------ SOURCE MATERIAL
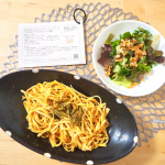 平打ち麺にすることでソースがよく絡む味わい深いパスタに。そしてこの食べごたえで糖質量1食21.1gまでコントロール。
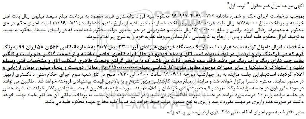 مشخصات اموال : اموال توقیف شده عبارت است از یک دستگاه خودروی هیوندای آزرا 3300 مدل 2007 به شماره انتظامی 566 ن 58 ایران 99 به رنگ کرم که در پارکینگ زارع اردبیل در توقیف بوده است اتاق و بدنه خودرو در حال ایراد ظاهری خاصی نداشته و از قسمت گلگیر جلو راست و گلگیر عقب چب دارای رنگ و آب رنگ می باشد فاقد بیمه شخص ثالث می باشد که با در نظر گرفتن وضعیت ظاهری اسکلت اتاق و مشخصات فنی وسیله نقلیه و استهلاک لاستیکها و سایر ممیزات موجود مطابق نظریه کارشناسی بمبلغ 2/500/000/000ریال معادل دویست و پنجاه میلیون تومان ارزیابی و اعلام گردیده استبنابراین جلسه مزایده به روز چهارشنبه مورخه 99/04/11 ساعت 09:00 الی 09:30 صبح در اتاق شعبه سوم اجرای احکام مدنی دادگستری اردبیل در حضور نماینده محترم دادسرا برگزار خواهد شد و مزایده از مبلغ معینه کارشناسی مزبور شروع و به بالاترین قیمت پیشنهادی فروخته خواهد شد . طالبین می توانند در موعد مقرر فوق در جلسه مزایده شرکت نموده و قیمت پیشنهادی خودشان را اعلام نمایند . مورد مزایده به بالاترین قیمت پیشنهادی واگذار خواهد شد شرط حضور در جلسه مزایده واریز 10 درصد مورد مزایده در حساب سپرده دادگستری می باشد و در صورت برنده شدن نسبت به پرداخت مابقی آن حداکثر یکماه مهلت خواهد داشت در صورت عدم واریزی در مهلت مقرره درصد واریزی به نفع صندوق دولت ضبط خواهد شد ضمناً کلیه مخارج بعهده محکوم علیه می باشد.
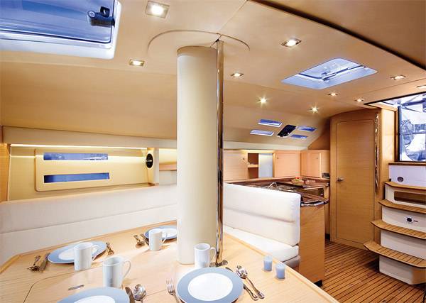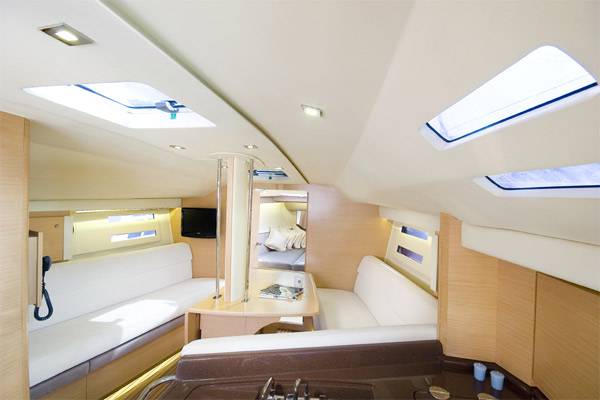 The advantages of the Azuree 40 's innovative hull shape become very obvious the moment you step on board: the large-volume interior offering more accommodation space than any other yacht of similar dimensions; the stability from the chined hull-form; the more powerful performance, to name just three benefits.
------------
[ACTIVITY] Would you restate all of the data above word for word, omitting the pictures?

[TASK RESPONSE]
 平打ち麺にすることでソースがよく絡む味わい深いパスタに。そしてこの食べごたえで糖質量1食21.1gまでコントロール。
 مشخصات اموال : اموال توقیف شده عبارت است از یک دستگاه خودروی هیوندای آزرا 3300 مدل 2007 به شماره انتظامی 566 ن 58 ایران 99 به رنگ کرم که در پارکینگ زارع اردبیل در توقیف بوده است اتاق و بدنه خودرو در حال ایراد ظاهری خاصی نداشته و از قسمت گلگیر جلو راست و گلگیر عقب چب دارای رنگ و آب رنگ می باشد فاقد بیمه شخص ثالث می باشد که با در نظر گرفتن وضعیت ظاهری اسکلت اتاق و مشخصات فنی وسیله نقلیه و استهلاک لاستیکها و سایر ممیزات موجود مطابق نظریه کارشناسی بمبلغ 2/500/000/000ریال معادل دویست و پنجاه میلیون تومان ارزیابی و اعلام گردیده استبنابراین جلسه مزایده به روز چهارشنبه مورخه 99/04/11 ساعت 09:00 الی 09:30 صبح در اتاق شعبه سوم اجرای احکام مدنی دادگستری اردبیل در حضور نماینده محترم دادسرا برگزار خواهد شد و مزایده از مبلغ معینه کارشناسی مزبور شروع و به بالاترین قیمت پیشنهادی فروخته خواهد شد . طالبین می توانند در موعد مقرر فوق در جلسه مزایده شرکت نموده و قیمت پیشنهادی خودشان را اعلام نمایند . مورد مزایده به بالاترین قیمت پیشنهادی واگذار خواهد شد شرط حضور در جلسه مزایده واریز 10 درصد مورد مزایده در حساب سپرده دادگستری می باشد و در صورت برنده شدن نسبت به پرداخت مابقی آن حداکثر یکماه مهلت خواهد داشت در صورت عدم واریزی در مهلت مقرره درصد واریزی به نفع صندوق دولت ضبط خواهد شد ضمناً کلیه مخارج بعهده محکوم علیه می باشد.
 The advantages of the Azuree 40 's innovative hull shape become very obvious the moment you step on board: the large-volume interior offering more accommodation space than any other yacht of similar dimensions; the stability from the chined hull-form; the more powerful performance, to name just three benefits.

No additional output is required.